Other clinical significant implications of AQP4 in the human body is the role in the regulation of cerebrospinal fluid (CSF) in the ventricles. Within the ventricles of the brain, AQP4 can be utilized in the removal of excess CSF in conditions such as hydrocephaly. The primary treatment for individuals with hydrocephaly is through the implementation of mechanical shunts into the ventricles to drain the excess fluid. With further research into the role of AQP4, it may be possible to modify the human body's system of upregulation of these channels to help in the reabsorption of CSF without the need to use physically invasive treatments.

Aquaporin-4 is also implicated in brain and spinal edema that occurs after a stroke or traumatic injury; AQP4 facilitates both water accumulation in cytotoxic edema, and fluid clearance in vasogenic edema; in experimental settings involving mice, this contributes to worse or better clinical outcomes, respectively. This dual role suggests that the timing and type of AQP4 modulation are critical for treating ischemic stroke and traumatic brain injury.

==Research==
Based on work in animal models, aquaporin-4 may have a role in several other diseases including Alzheimer's disease, amyotrophic lateral sclerosis, Parkinson's disease, multiple sclerosis, and epilepsy, and appears to have a role in pathological response to traumatic brain injury and stroke.

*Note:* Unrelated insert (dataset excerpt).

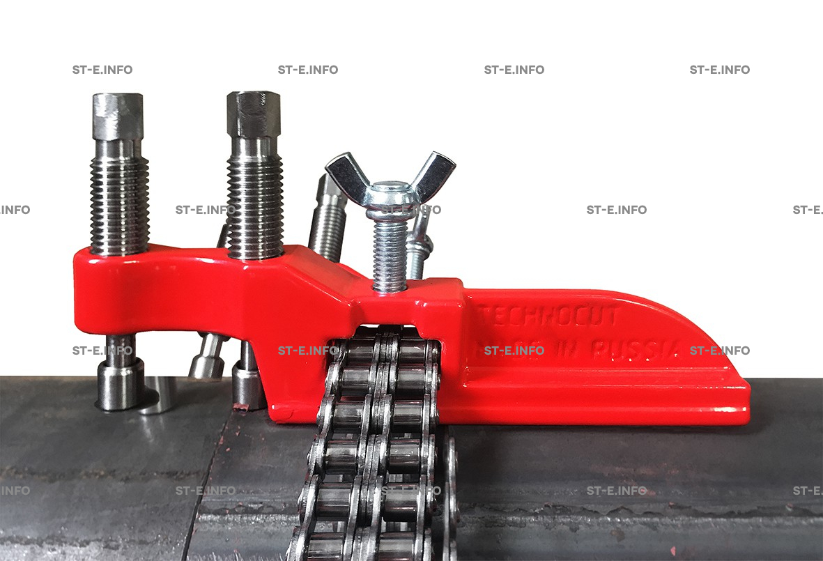 На всех струбцинах цепных центраторов имеется 2 упорных болта, а это значит, что оба конца изделия будут надежно зафиксированы. Но если вам все же нужен только 1 болт, просто открутите второй.
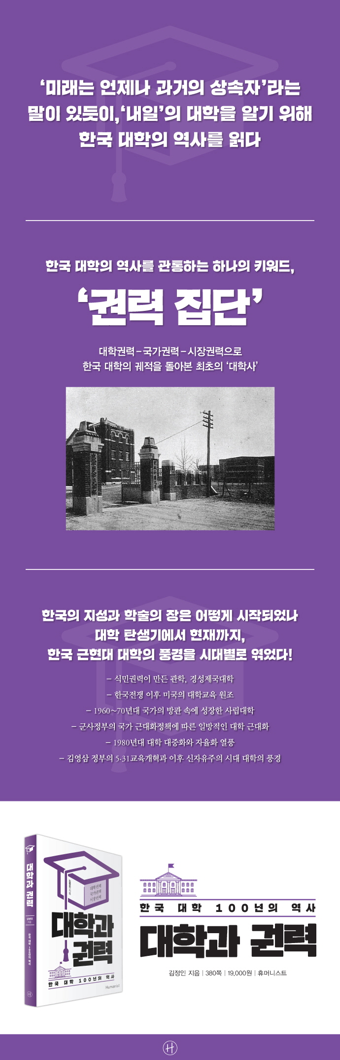 이 책은 오늘날 대학 문제의 뿌리를 찾기 위해 한국 대학 100년의 궤적을 돌아본 최초의 ‘대학사’이다. 현대사 가운데 대학사라는 분명한 주제의식을 염두에 두고 연구한 성과00물이자, 앞으로 한국 대학이 나아가야 할 미래를 담고 있다. 저자에게 대학이란, 스무 살 대학 신입생 시절부터 대학 교수로 강단에 서 있는 지금까지 단 한 번도 벗어난 적 없는 삶의 현장이자 학문의 터전이었다. 그 한가운데 서 있던 저자는 끊임없이 대학 문제에 관해 고민하다 대학의 역사를 통해 대학이 나아가야 할 미래를 바라보고자 이 책을 썼다. 지금까지 한국 대학의 시작부터 현재까지 대학사를 정리한 역사서는 없었다. 이 책에서 저자는 한국 대학의 역사를 관통하는 하나의 키워드로 ‘권력집단의 힘’을 꼽았다. 이를 포착하기 위해 대학권력-국가권력-시장권력이라는 권력의 3주체를 중심으로 한국 대학의 역사를 톺아본다. 한 사회의 구성원을 이해하려면 사회가 이룩한 교육체제나 그 안의 구성원들이 어떻게 양성되는지 교육방식이 매우 중요하다. 대학사를 분석한다는 것은 그 사회의 단면을 드러내는 작업과도 같다. 각 장에는 역사적 사실과 함께 저자가 연구하며 직접 작성하거나 참고한 통계들을 표로 작성하여 근거로 제시했다.

In rodent models, AQP4 appears plays a role in both the development and resolution of the cerebral edema that occurs following an injury like TBI or stroke and around brain tumors. In comparison with wild-type mice, double knockout mice exhibited different diseases course post brain injury. It indicated reduced intracranial pressure, cell death, water accumulation, astrogliosis, and lesion volume. The expression of aquaporin 4 is reliant on the disease stage of TBI. In an acute stage of TBI, the lack of aquaporin 4 causes a decrease of excess water removal while for later stage TBI results in prevention of severe damage and swelling.

In people who suffer from Alzheimer's disease, amyloid plaques sometimes develop in brain arteries—a condition is referred to as cerebral amyloid angiopathy, or CAA. Animal studies have found that the severity of CAA increases or decreases depending on aquaporin-4 expression. When there is a decrease in AQP4, CAA severity increases and vice versa; it is not known what causes changes in AQP4 expression levels, nor whether this is part of the disease process or an effort of the brain to adapt. In animal models of amyotrophic lateral sclerosis, AQP4 is overexpressed in the brainstem, cortex, and gray matter of the spinal cord which results in swollen astrocytes; the reason for this is not understood.

Knockout mice display cognition problems; there is disruption in memory consolidation as well as disruption between memory acquisition, spatial recognition, and memory of where an object was after it has been moved.